The other day I was with a few friends and something was said that has had me thinking all week.
I like clothes. I worked in ladies fashion for many years and my heart loved it! I say that to say, that I usually dress pretty cute. Not bragging, just that I do indeed like clothes and people often say they like my outfits.
So, the other day when I was having dinner with my friends, one of them said "that dress looks so cute on you, but I don't think I could wear it". That wasn't what struck me. What struck me was the response from one of the other gals. She said, "that is because Connie loves her body". Even though that caught me off guard, it took several days for me to come to what I want to share with you today.
We have all heard it, "You need to love your body just the way it is". But, do we? Do we really?
I think the message we have really gotten is that we need to say that we love what we see no matter what we really think when we look in the mirror. Is that honest, though?
I am gonna share a bit of my back story with you. I am trusting that I can be honest and transparent with you. My reason is to help. If you can relate with anything I share, it is well worth any embarrassment or shame on my part.
I grew up in the Los Angeles area in the late 60s, early 70s. I began experimenting with drugs at age 12. The experimenting only lasted a minute and I was quickly into full blown drug and alcohol abuse. I did drugs everyday and drank too much alcohol every weekend. So from the age of 12 until the day I found out that I was pregnant with my first daughter at age 24, I was drunk and/or high almost every day!
I know that a lot of people abuse drugs and alcohol for many more years than I did, but the years of abuse for me were very formidable years. During these years the body is still developing including bone building. Because of this many of my "systems" have been broken. In fact, when it was time for my children to be born, I would not go into labor. The doctor said my delivery system was broken from the drug abuse and doctors were shocked that my children were not effected at all.
When my friend said, "That's because Connie loves her body" I didn't know until many days after hearing her say that, that I really do. Most of you have seen me or pictures of me so you have to know that this is deeper than a mirror image.
My skin on my legs is beginning to sag a little when I walk, my bottom is a little droopy, my belly has skin that was stretched way out to accommodate very large babies, my breasts really need a bra, my arms have muscles if I try really hard otherwise the skin sags there too, and last but certainly not least, my face shows every smile line and every worry on my brow.
If I don't work hard, my body gets so weak so quickly that walking is difficult. 2 months ago or so I broke my toe, (again!) so I couldn't work out at all. This week I got back on track and I am feeling the muscles in my legs, owie!!
But just today it hit me!
I do love my body! Not what I see but what I know! With everything I have put my body through, it still shows up for me! It shows up with each breath I need. It shows up each time my eyes need to blink. It shows up with each heart beat. It shows up by pumping my blood. It showed up big time to create other lives! I have wonderful children because of this amazing body!
It is patient with me when I ignore it and don't do the right things, but the minute I give it the attention it needs and deserves, it responds! It responds by carrying me where I need to go. It responds by letting me hear music. It responds by letting me see. I am so blessed to have this body. Yes, this imperfect body! This imperfect body is there for me. It takes everything I do and everything I don't do and is still there for me.

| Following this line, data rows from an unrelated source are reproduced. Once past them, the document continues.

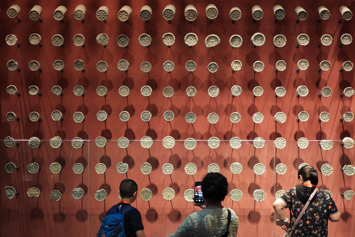 7月30日,观众在南京六朝博物馆内参观展陈的六朝瓦当。正值暑期,南京文博场馆迎来参观热潮。(图片来源:本文图片均自中新社)
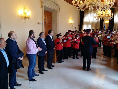 Τα κάλαντα των Χριστουγέννων και άλλες Χριστουγενιάτικες μελωδίες σήμερα από τη Φιλαρμονική του Δήμου Ηρακλείου στη Λότζια στο Δήμαρχο κ.Γιάννη Κουράκη και τη Δημοτική Αρχή που την υποδέχτηκαν στην αίθουσα Ελευθέριος Βενιζέλος. Ο Δήμαρχος ευχήθηκε καλές γιορτές σε όλους με υγεία και ευτυχία
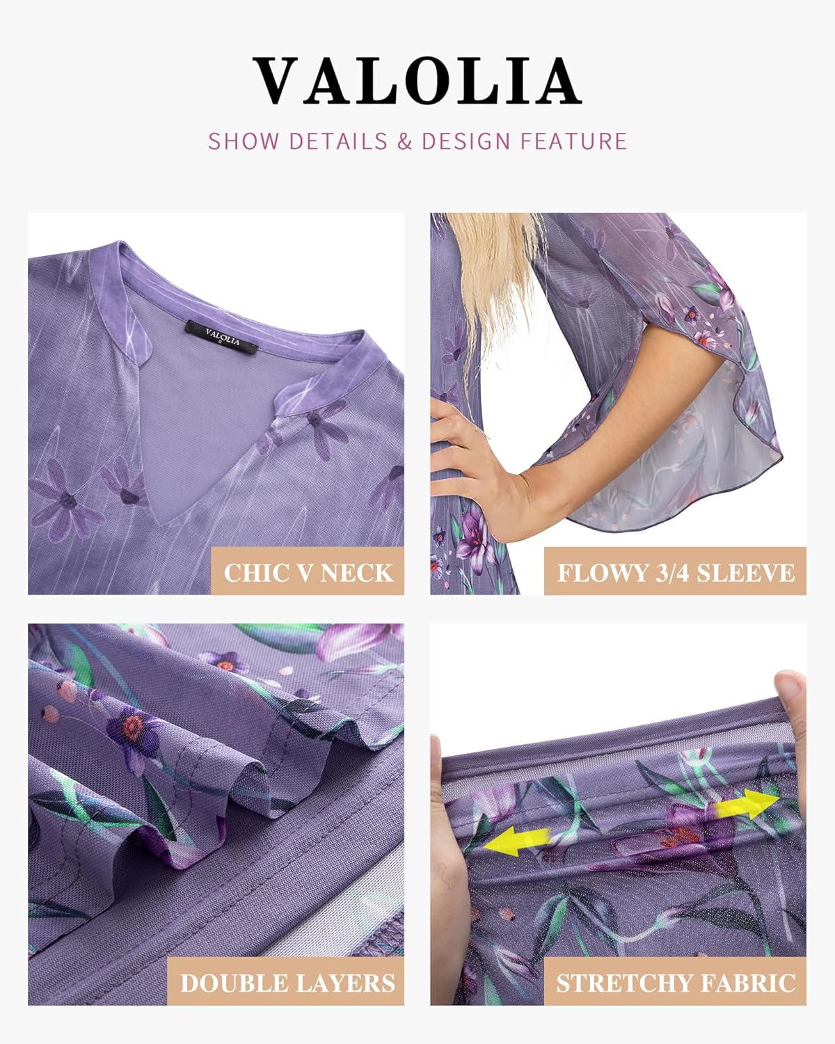 Be the first to review “VALOLIA Women’s 3/4 Sleeve Floral Tunic Tops V Neck Double Layers Loose Fit Mesh Blouses Shirt”
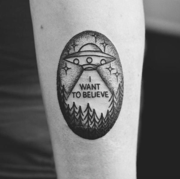 多款黑色线条素描创意有趣宇宙飞碟纹身图案
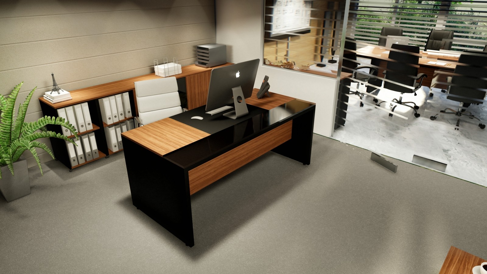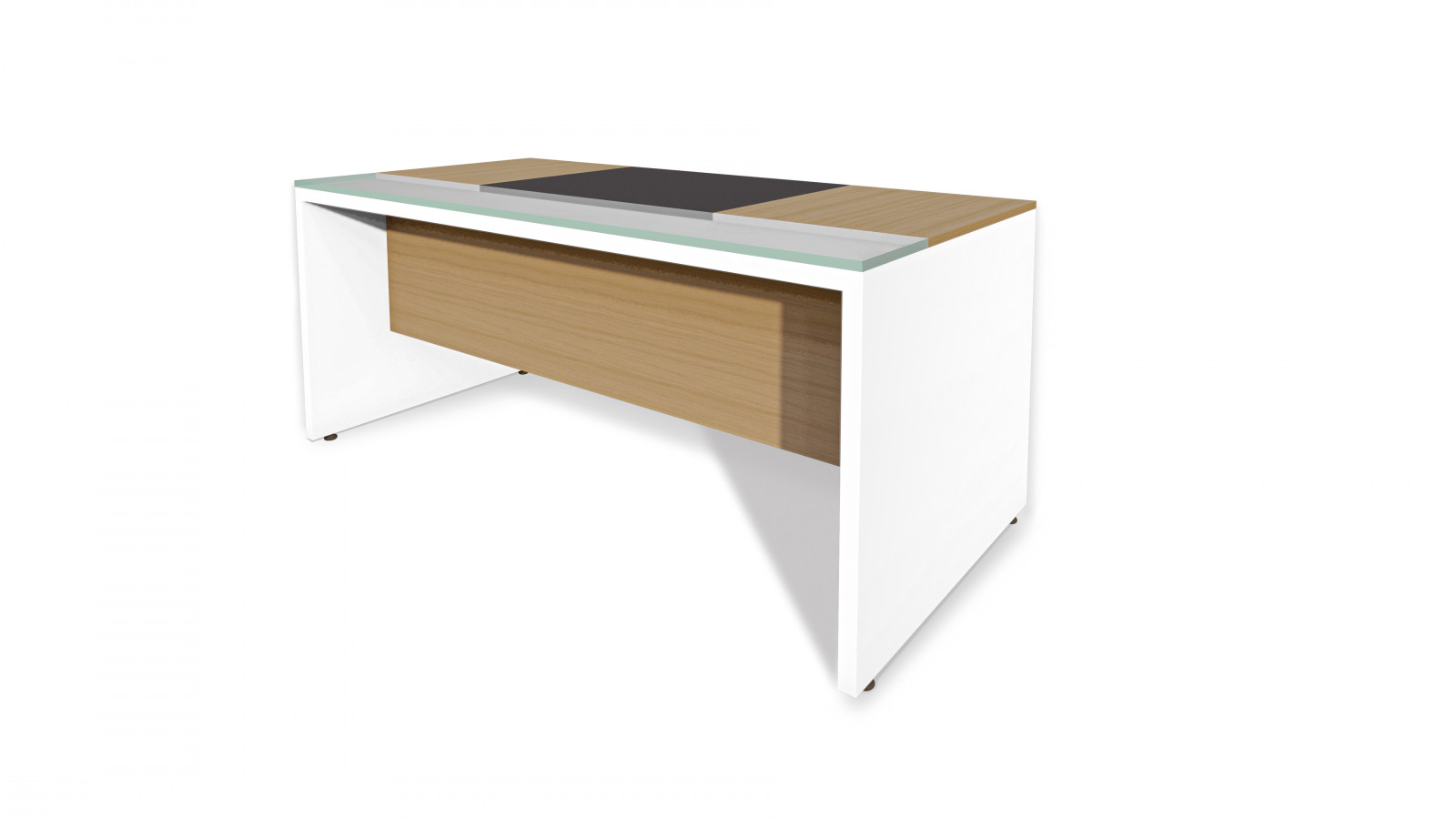 Escritorio Gerencial linea Futura de 1600x850mm con tapa de 850mm de melamina, eco-cuero y Vidrio de 18mm.
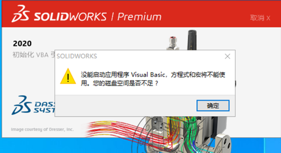 SolidWorks(以下简称SW)启动时报错“没能启动应用程序Visual Basic,方程式和宏将不能使用。您的磁盘空间是否不足?”,这个问题是SW未能启动Visual Basic引起的。Visual Basic是微软的产品,SW的方程式和宏使用了Visual Basic编写,所以需要Visual Basic支撑运行。
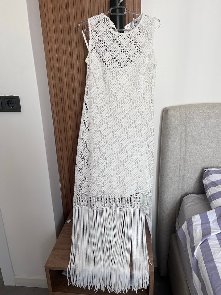 Püsküllü, nakış detaylı, beyaz güpür kumaştan kolsuz uzun elbise. V yaka ve regular kesim, bohem tarz için uygundur.
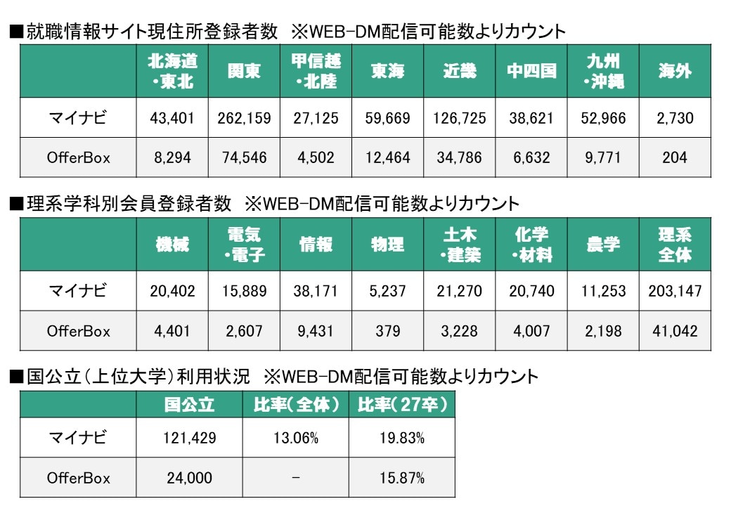 会員登録者社数では、マイナビは6.7ポイント増加という結果になり、会員登録者数からナビ離れは見受けられませんでした。
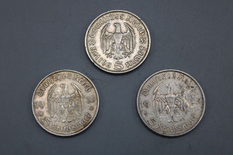 5 Reichsmark Hindenburg/Garnisonkirche Silbermünzen 3 St.

So I guess I didn't really know it, but my friend is right, "Connie does love her body!" This body proves that God created us to live forever. We know that isn't possible, but the body's resilience is truly amazing.
So for many years I have functioned with a less than perfect body. But.......
I HAVE FUNCTIONED!!
Every ache and pain is a reminder of what I have done, but also of what God can do. I am grateful that even though I am weak and imperfect, I AM HERE!!
Can this help you look at your body a little differently? Maybe with a little more love? I hope so
Everyone deserves "the Good Inside," and, yes, "Purity is Possible."